Hemorrhoids During Pregnancy


Hemorrhoids During Pregnancy

Hemorrhoids are swollen blood vessels in the rectal area. They typically range in size from as small as a pea to as large as a grape, and they can develop inside the rectum or protrude through the anus.

Hemorrhoids can be itchy and mildly uncomfortable – or downright painful. Sometimes they even cause rectal bleeding, especially when you have a bowel movement.

Pregnancy and vaginal delivery predisposes women to develop hemorrhoids because of hormonal changes and increased intra-abdominal pressure. It has been estimated that 25% to 35% of pregnant women are affected by this condition. In certain populations, up to 85% of pregnancies are affected by hemorrhoids in the third trimester.

Hemorrhoids occur when the external hemorrhoidal veins become varicose (enlarged and swollen), which causes itching, burning, painful swellings at the anus, dyschezia (painful bowel movements), and bleeding. Pain with bowel movements and bleeding are often the first signs of hemorrhoids. It is important to note, however, that hemorrhoids are not the only cause of rectal bleeding, and the physician should properly confirm the diagnosis before initiating any treatment. Hemorrhoids should be treated to prevent more serious complications, including inflammation, thrombosis, and prolapse.

Treatment Hemorrhoids During Pregnancy

Most forms of the condition can be successfully treated by increasing fibre content in the diet, administering stool softeners, increasing liquid intake, anti-hemorrhoidal analgesics, and training in toilet habits. However, most evidence of the efficacy of therapeutic alternatives for hemorrhoids is gained from studies performed in non-pregnant patients.

A recent systematic review of both published and unpublished randomized controlled trials, which included the enrolment of more than 350 patients, showed that laxatives in the form of fibre had a beneficial effect in the treatment of symptomatic hemorrhoids. Decreased straining during bowel movements shrinks internal hemorrhoidal veins, resulting in a reduction of symptoms. Bathing with warm water (40°C to 50°C for 10 min) usually relieves anorectal pain. Suppositories and ointments that contain local anesthetics, mild astringents, or steroids are available.

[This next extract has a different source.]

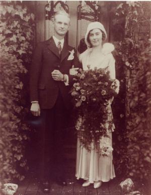 Harry, my grandfather, married for the second time on 21st November 1931 at St Editha's Parish Church, Tamworth. His bride was May Brain, who lived in Glascote Heath with her parents. There are three photos of the wedding in the Photo Album on pages 31-33. Below is another photo of the happy couple. My father was born a few years later.

More aggressive therapies, such as sclerotherapy, cryotherapy, or surgery, are reserved for patients who have persistent symptoms after 1 month of conservative therapy. Some recent studies have shown the effectiveness of botulinum toxin injections as a treatment for chronic anal fissure and hemorrhoids. Because of its mechanism of action, however, botulinum toxin is contraindicated during pregnancy and lactation.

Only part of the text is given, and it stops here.